__TASK INSTRUCTIONS__
Within the listing below, please show every line carrying the string "design".

Segment Start: THE DATA

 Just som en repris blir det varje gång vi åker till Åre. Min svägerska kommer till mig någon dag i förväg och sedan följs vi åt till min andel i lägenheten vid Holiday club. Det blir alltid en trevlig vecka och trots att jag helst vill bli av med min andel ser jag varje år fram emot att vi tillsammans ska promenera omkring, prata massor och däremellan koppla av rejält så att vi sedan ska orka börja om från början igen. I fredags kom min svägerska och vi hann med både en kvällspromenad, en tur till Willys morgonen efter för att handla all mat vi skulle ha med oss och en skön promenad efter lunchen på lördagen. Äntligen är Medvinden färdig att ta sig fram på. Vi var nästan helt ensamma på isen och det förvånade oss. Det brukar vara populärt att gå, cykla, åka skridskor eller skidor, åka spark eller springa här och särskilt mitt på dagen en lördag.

Segment End: THE DATA
Segment Start: THE DATA

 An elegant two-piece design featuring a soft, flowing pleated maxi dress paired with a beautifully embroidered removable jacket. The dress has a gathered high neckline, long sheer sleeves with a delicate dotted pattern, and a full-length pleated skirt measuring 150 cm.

Segment End: THE DATA
Segment Start: THE DATA

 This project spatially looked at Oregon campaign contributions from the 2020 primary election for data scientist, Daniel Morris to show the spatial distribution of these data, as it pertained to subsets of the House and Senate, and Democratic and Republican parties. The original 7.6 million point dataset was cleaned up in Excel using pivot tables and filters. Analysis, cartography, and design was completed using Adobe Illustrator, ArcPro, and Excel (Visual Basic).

Segment End: THE DATA

__ANSWER SPACE__
 An elegant two-piece design featuring a soft, flowing pleated maxi dress paired with a beautifully embroidered removable jacket. The dress has a gathered high neckline, long sheer sleeves with a delicate dotted pattern, and a full-length pleated skirt measuring 150 cm.
 This project spatially looked at Oregon campaign contributions from the 2020 primary election for data scientist, Daniel Morris to show the spatial distribution of these data, as it pertained to subsets of the House and Senate, and Democratic and Republican parties. The original 7.6 million point dataset was cleaned up in Excel using pivot tables and filters. Analysis, cartography, and design was completed using Adobe Illustrator, ArcPro, and Excel (Visual Basic).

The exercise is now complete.